The ‘Sandwich Generation’ is no longer a novel phenomenon and now that we are living longer it is here to stay.
How does it affect you? Well, the effects are doubtless only to clear to those in the ‘sandwich filling’ position, but they should not be the only ones to give the matter thought.
Life for the ‘fillers’ is inevitably stressful because of the conflicting demands on their time and resources made by their children (and in some cases grandchildren), their parents and, usually, their own working lives. Often, they feel that they have no life of their own to speak of – and this at a time when they should be in their prime. When their parents were their age often only one spouse worked and their parents had predeceased them. The are seen as having had ‘a life’.

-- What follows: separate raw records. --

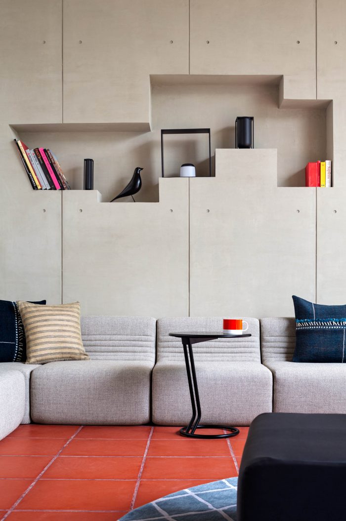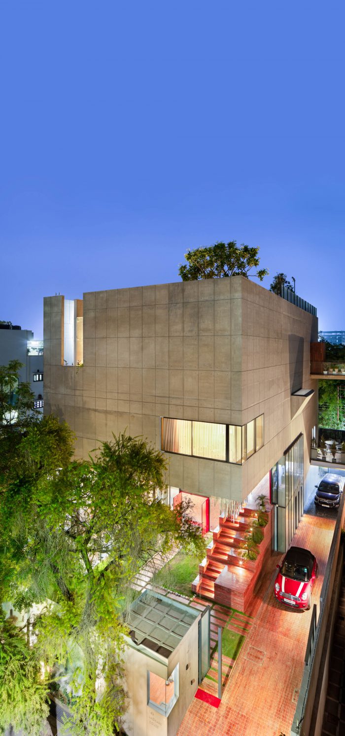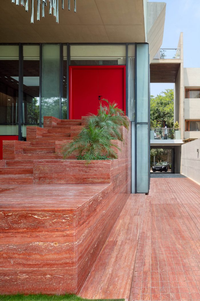 The exterior of the residence is molded to create innovative openings and skylights which allow a very strong communication between the house and the surroundings allowing ample natural light into the spaces. The exterior facade of the home creates a new attribute of solidarity and endurance in an urban context that completely stands out in comparison to the surrounding houses. The project epitomizes the convergence of natural materials like Red Travertine and Kadappa Stone in its interior palette.
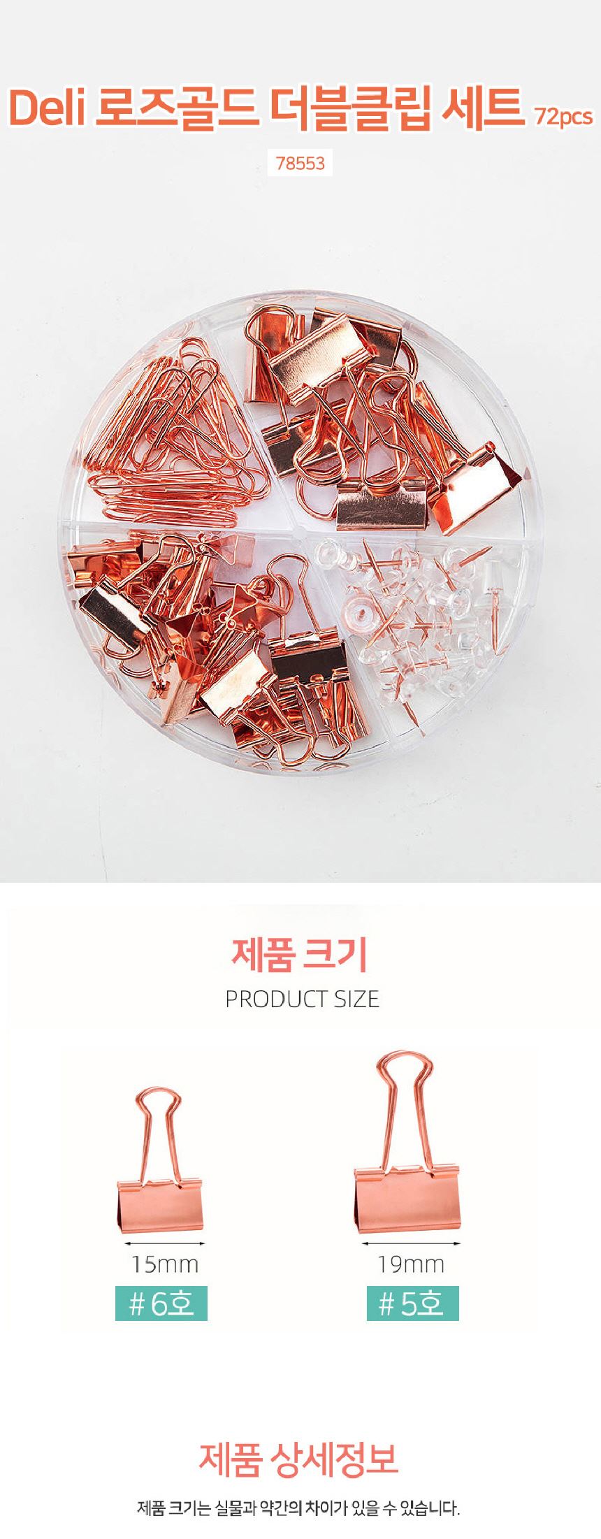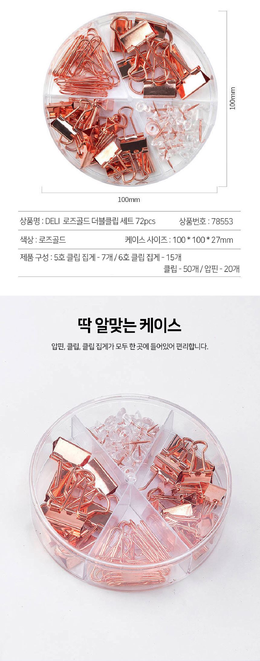 • 델리 로즈골드 장구압핀 더블클립 세트 72PCS
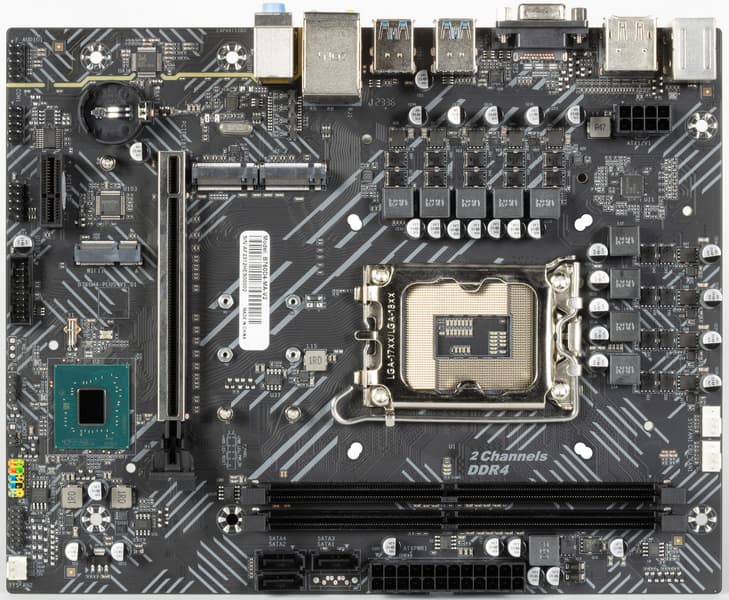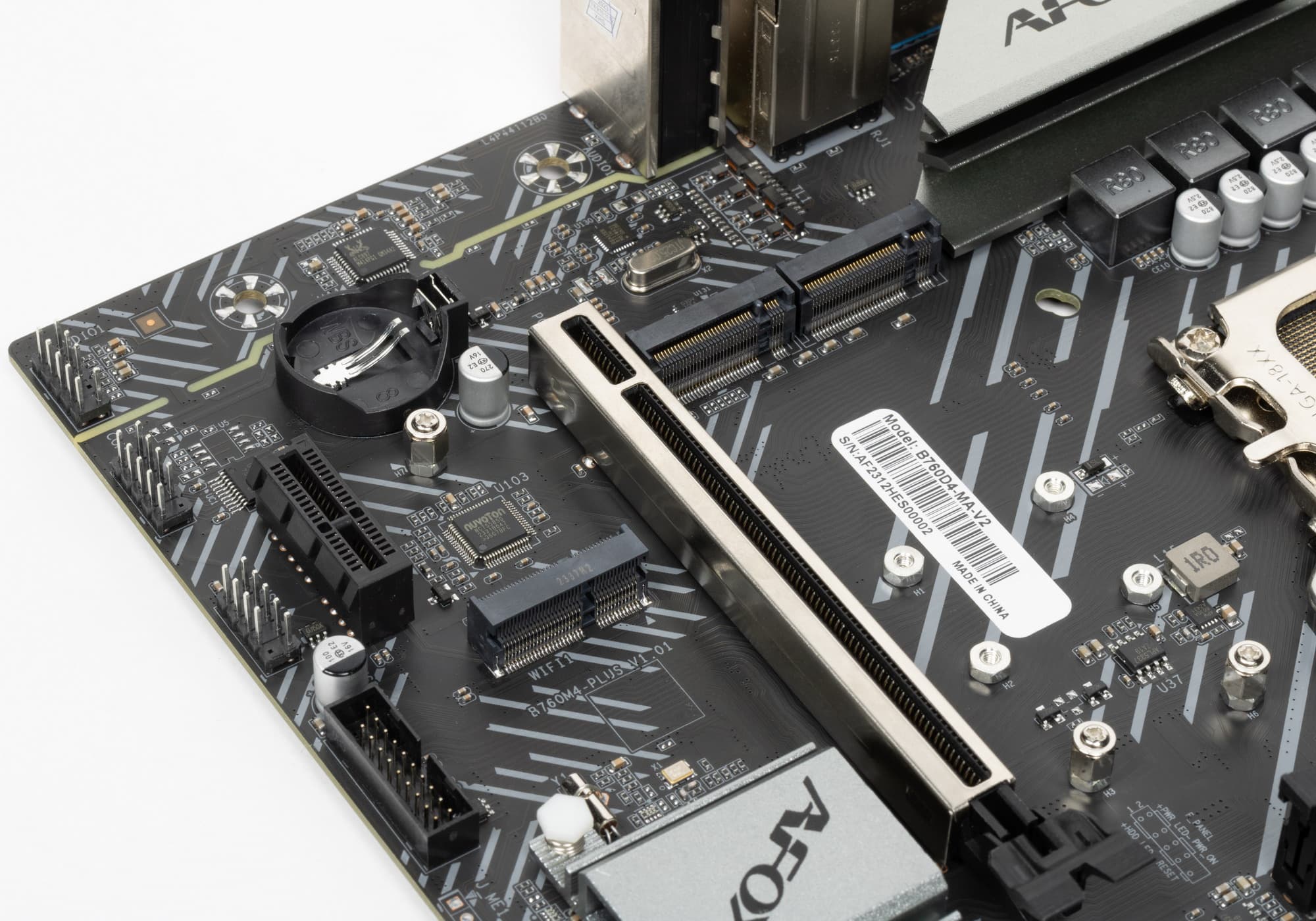 У платы 15 USB-портов, включая 6 портов USB 3.2 Gen1, один «длинный» слот PCIe х16, получающий от процессора 16 линий PCIe, но версии 4.0, и один PCIe x1. Также здесь 2 слота M.2: один из них подключен напрямую к процессору линиями PCIe 4.0, другой подключен к чипсету B760 линиями PCIe 4.0. Еще у этой модели 3 порта SATA и 3 разъема для вентиляторов. Сетевые возможности скромный: только проводной контроллер 1 Гбит/с, плюс слот для беспроводного адаптера. Плата лишена возможности для подключения дополнительных ARGB/RGB-устройств подсветки.
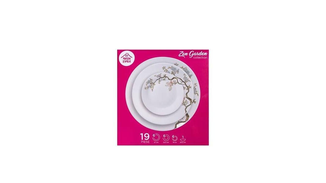 Serviciu De Masa Maison D'Amelie Zen Garden Pearl, Opal, 19 Piese, Alb Cu Decor
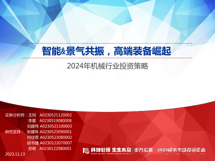 【申万宏源】【20231113】2024年机械行业投资策略:智能&景气共振,高端装备崛起-36页

As a member of the top ‘sandwich layer’ you can mitigate the demands on your children’s overstretched time by taking the trouble to make Lasting Powers of Attorney (LPA) in respect of both your finances and your welfare. If you do not do this and you subsequently become unable to manage your own affairs, then you will saddle your children with the job of making an application for an appointment by the Court of Protection of a ‘Deputy’ (who may or may not be a child of yours) to manage things for you. The process of making such an application is very much slower and much more expensive than making an LPA. The cost of the exercise will be borne by you. That is bad enough. From your children’s point of view the position is worse. The burden of time to be invested in securing an Order appointing a Deputy would have to be absorbed by them. The process can take many weeks and the duties of a Deputy, once appointed involve the keeping of accounts and regular contact with and payments to the Court. If your children are trying to manage their own working lives and support their children then the burden can be crippling. It is simply not fair to put them in such a position when it is so easy to think ahead and put proper arrangements in place.

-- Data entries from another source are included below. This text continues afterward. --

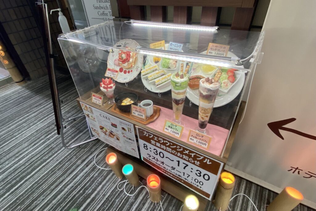 ロング抹茶パフェやロングチョコレートパフェのサンプルも並び、その迫力に気分は一気に喫茶タイムモード。モーニングセットやランチプレート、ぜんざい、パンケーキセットなど、どこか懐かしくて心をくすぐるメニューが揃っています。
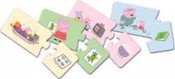 Das Puzzle-Spiel mit dem Motiv Peppa Wutz bietet eine großartige Gelegenheit, Beobachtungsfähigkeiten und logisches Denken zu fördern. Dieses Lernspiel enthält 14 zweiteilige Puzzles, die getrennt, gründlich gemischt und dann mit den Bildern nach oben auf den Tisch gelegt werden müssen.
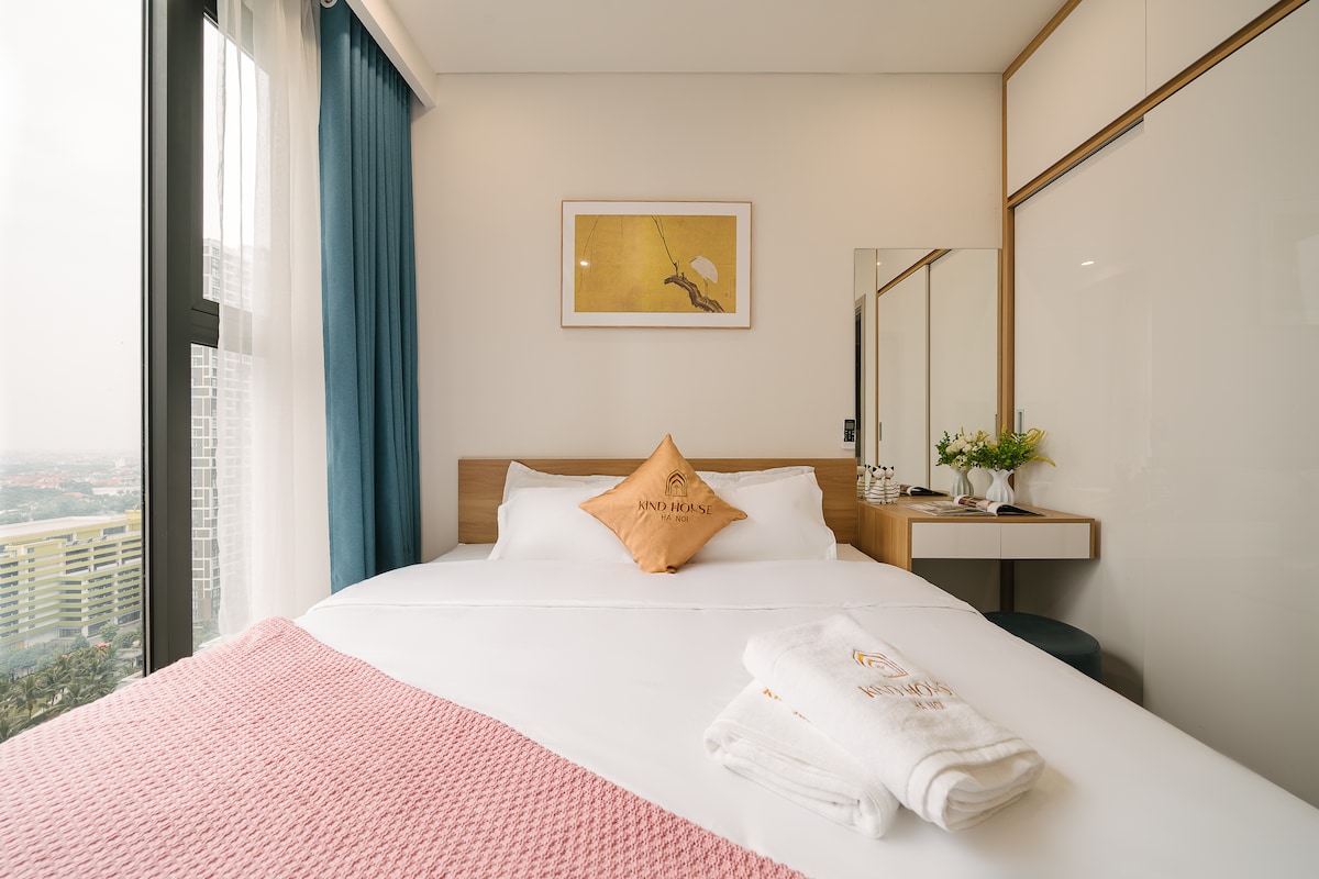 Kind House – Lujo minimalista 2 dormitorios en Masteri West Heights El apartamento de 2 dormitorios está diseñado para ser minimalista pero totalmente amueblado, impecablemente limpio y sofisticado en cada detalle. El salón es luminoso, la cocina está llena de utensilios, el dormitorio blanco huele fresco al sol, el balcón está abierto. Ubicado en el moderno Masteri West Heights con piscina, gimnasio, parque verde, centro comercial. El anfitrión es atento, ofrece asistencia rápida y proporciona una experiencia hogareña y cálida.
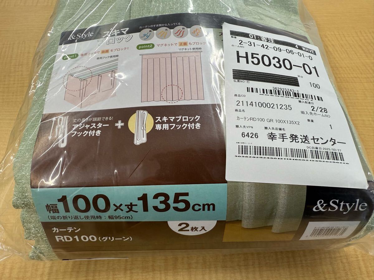 ★ nB 80 &Style ニトリ カーテン 幅100×丈135cm 2枚入 RD100(グリーン) インテリア NITORI ※未使用長期保管品 ★
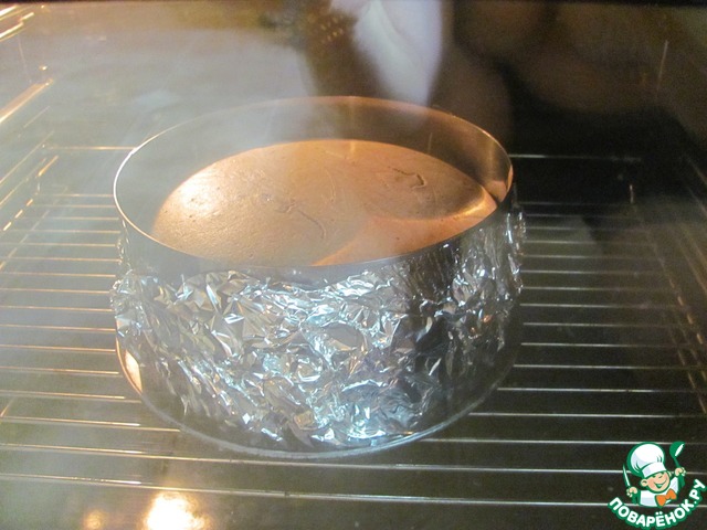 Дно формы застилаем бумагой для выпечки. У меня кольцо диаметром 18 сантиметров, которое я затянула фольгой. Выливаем тесто. Разравниваем. |
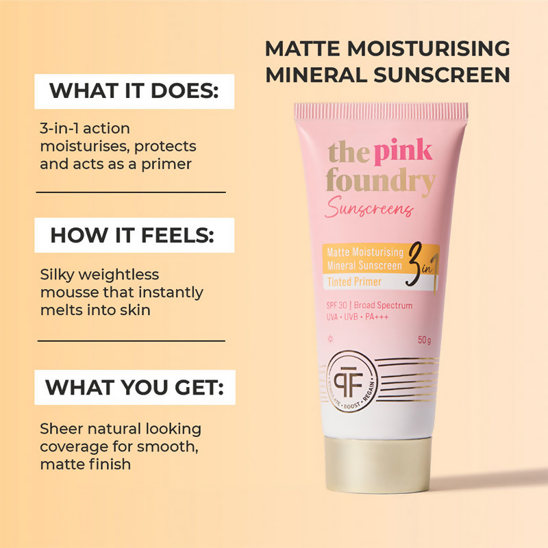 The Pink Foundry Tinted Matte Mineral Moisturising Sunscreen - SPF 30, PA+++ & UVA UVB Protection
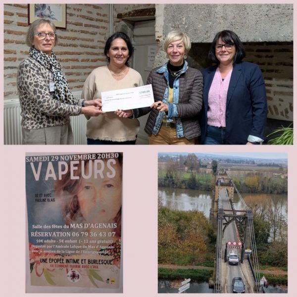 La 5ème édition d’Octobre Rose a permis de récolter la somme de 1789 €. Ce lundi 24 novembre le chèque a été remis officiellement au Comité de Cancérologie du Lot-et-Garonne.

It is also helpful to let your family know what sort of care you would like, should you need it - and where, if you know of somewhere which you think would suit you. Tell them what your funeral wishes are, too. We frequently receive anxious calls from family members who have just lost a parent asking us to check Wills we are holding for them as the family has no idea whether they wanted to be buried or cremated, whether they wanted to donate organs for transplant and what sort of service (if any) they would have wanted. These things really worry families. They do not want to make a decision of which they think the parent may not have approved.
If a member of the older generation dies without having made a Will then, again, the work for their children will be greater than if they have had the foresight to make a proper Will (drawn by a qualified solicitor, please, not an unqualified Will-writer!). It is not kind to leave your children with unnecessary work to do when you could save them so much trouble by planning ahead.
If you are in the ‘filler’ category then do not forget that you should be thinking about making LPAs and Wills, too, to save your own children the burden you are hoping your parents will save you after reading this.
It is a pity that death and old age infirmity are so little discussed these days within families. We have become coy about these topics and tend only to talk about them when circumstances force us to – but so much anguish can be avoided if families have realistic discussions about future arrangements and expectations. Clients of mine who have done this report that the exercise has been surprisingly liberating and can actually be surprisingly jolly! Try it over the bank holiday weekend.